Indeed as the phenomenon is particularly strong in Europe, new measures on tightening control – such as passport confiscation – and managing the come-back of the fighters – i.e. through de-radicalization measures – have been debated and introduced in Europe in the past month. Preventing more decisively the flow of foreign recruits to Syria and Iraq might seriously weaken ISIS, for whom new recruits are a key way to ensure its resilience.

On the ground, the Anti-ISIS Coalition had an eventful month. Jordan stepped up its role in the coalition as protesters in Amman demanded revenge for the killing, announced on February 3, of Mu’ath Al Kassasbeh, a young Jordanian pilot captured by the militants in December when his F-16 crashed near Raqqa, Syria.

So far, the Jordanian response has been limited to intensifying airstrikes, but analysts believe that Amman’s special forces could wage commando-style operations against selected targets as well, perhaps in coordination with the Iraqi army and Kurdish peshmerga. The Jordanian government has so far pushed aside the idea of a land offensive, which has also been rejected by Syria’s foreign minister Walid Moallem. Indeed Jordan has been an important staging zone, logistics site and operations centre for U.S.-backed rebels seeking to overthrow Assad, a fact that has long enraged Damascus.

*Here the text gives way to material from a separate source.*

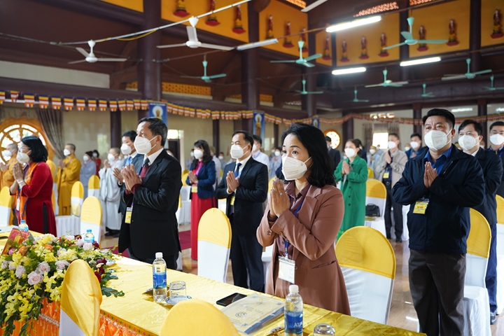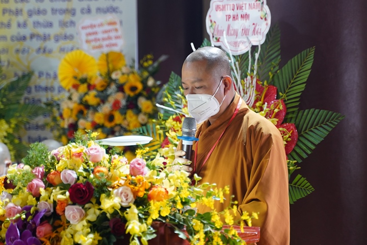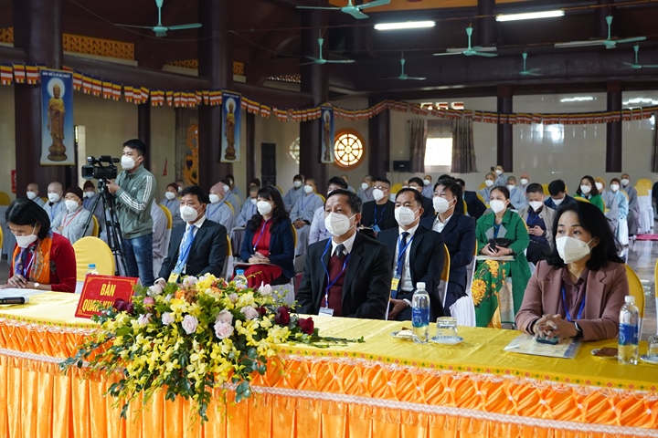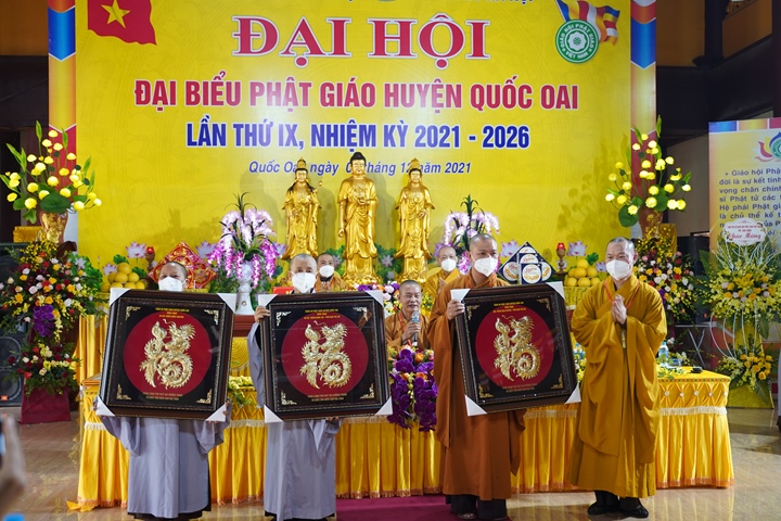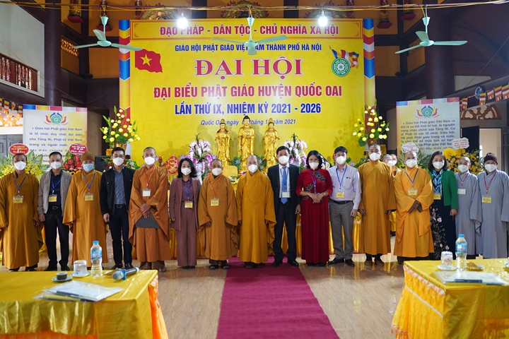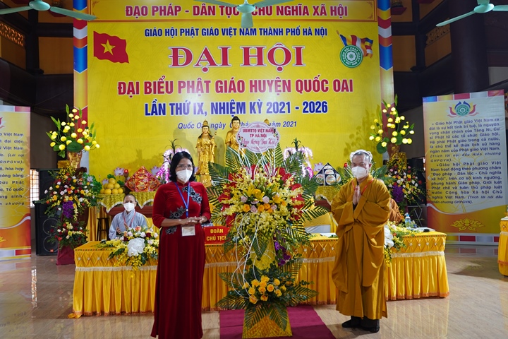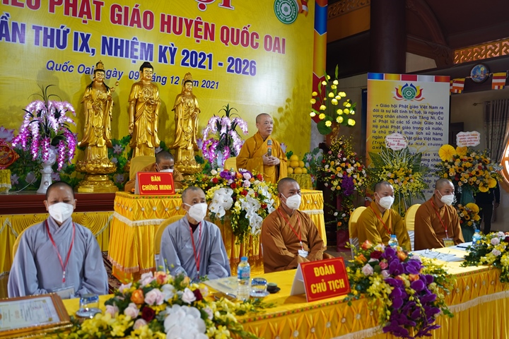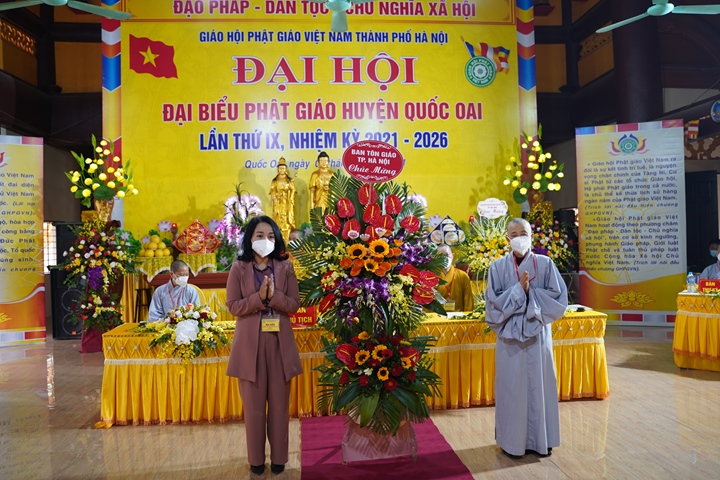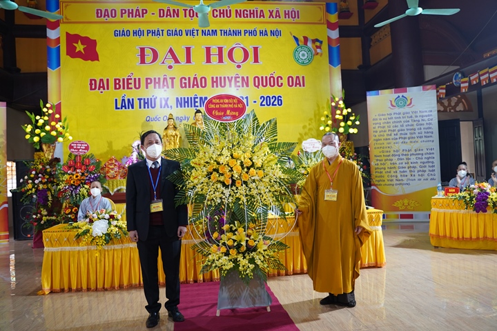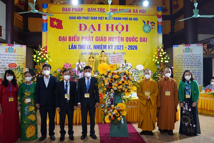 Phát biểu chúc mừng Đại hội, ông Nguyễn Tiến Quý - Ủy viên Ban thường vụ Huyện ủy, Chủ tịch Ủy ban Mặt trận Tổ quốc Việt Nam huyện Quốc Oai đã ghi nhận và chúc mừng những đóng góp của BTS Phật giáo huyện nhà vào sự phát triển chung của quê hương Quốc Oai giàu truyền thống anh hùng. Ông mong rằng sang nhiệm kỳ mới, BTS GHPGVN huyện Quốc Oai tích cực phối hợp cùng các cấp Ủy Đảng, Chính quyền, các ban ngành đoàn thể địa phương trong công tác tuyên truyền đường lối, chính sách của Đảng, Nhà nước trong công tác Tôn giáo, đặc biệt là Luật tín ngưỡng Tôn giáo năm 2018, đảm bảo các hoạt động Tôn giáo hoạt động đúng Luật; Tiếp tục gìn giữ và phát huy những giá trị truyền thống tốt đẹp của Phật giáo trong thời kỳ mới, hưởng ứng và tham gia tích cực phong trào thi đua yêu nước, với phương châm "Đạo pháp - Dân tộc - Chủ nghĩa xã hội"; tăng cường vận động Tăng Ni, Phật tử tham gia xây dựng và bảo vệ Tổ quốc; thực hiện tốt các phong trào xây dựng nông thôn mới, giữ gìn an ninh chính trị, đặc biệt là công tác phòng chống dịch Covid - 19 trong giai đoạn mới....
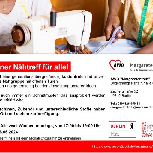 Wir bitten um Anmeldung telefonisch oder per E-Mail: Tel.: 030/ 526 950 31, margaretentreff@awo-suedost.de

Furthermore, the Syrian foreign minister accused Jordan of training and facilitating “terrorists”, indicating with this term Al Nusra Front, which has positions in southern Syria close to the Jordanian frontier. The Front, a rival of ISIS, also regarded as a terrorist group by Washington, has not been a target of the U.S.-led bombing campaign in Syria. A hypothetic Jordanian land offensive, a little more realistic in Iraq, is very unrealistic in Syria where it could not take place without some form of coordination with the Assad regime, especially given that no other coalition partner would be keen on joining the offensive.

Finally, the fate of the young pilot shed light on tensions between the US and the United Arab Emirates. Indeed it has become known that the UAE suspended its airstrikes in December after the capture of the Jordanian pilot, while calling for the US pilot-rescue teams to be shifted from Kuwait to northern Iraq, where it could be deployed for quicker reaction. However, following to the assurance by the Pentagon that the search-and-rescue aircraft was to be moved closer to the battlefield, the UAE announced on February 10 that a squadron of F-16 multirole attack aircraft had been sent to Jordan to resume airstrikes alongside the coalition. Overall, these events underlined the necessity of stressing cohesion and finding compromises among the different strategic priorities within the Coalition, if it has to fulfil its original purpose, which is not only military but intrinsically political.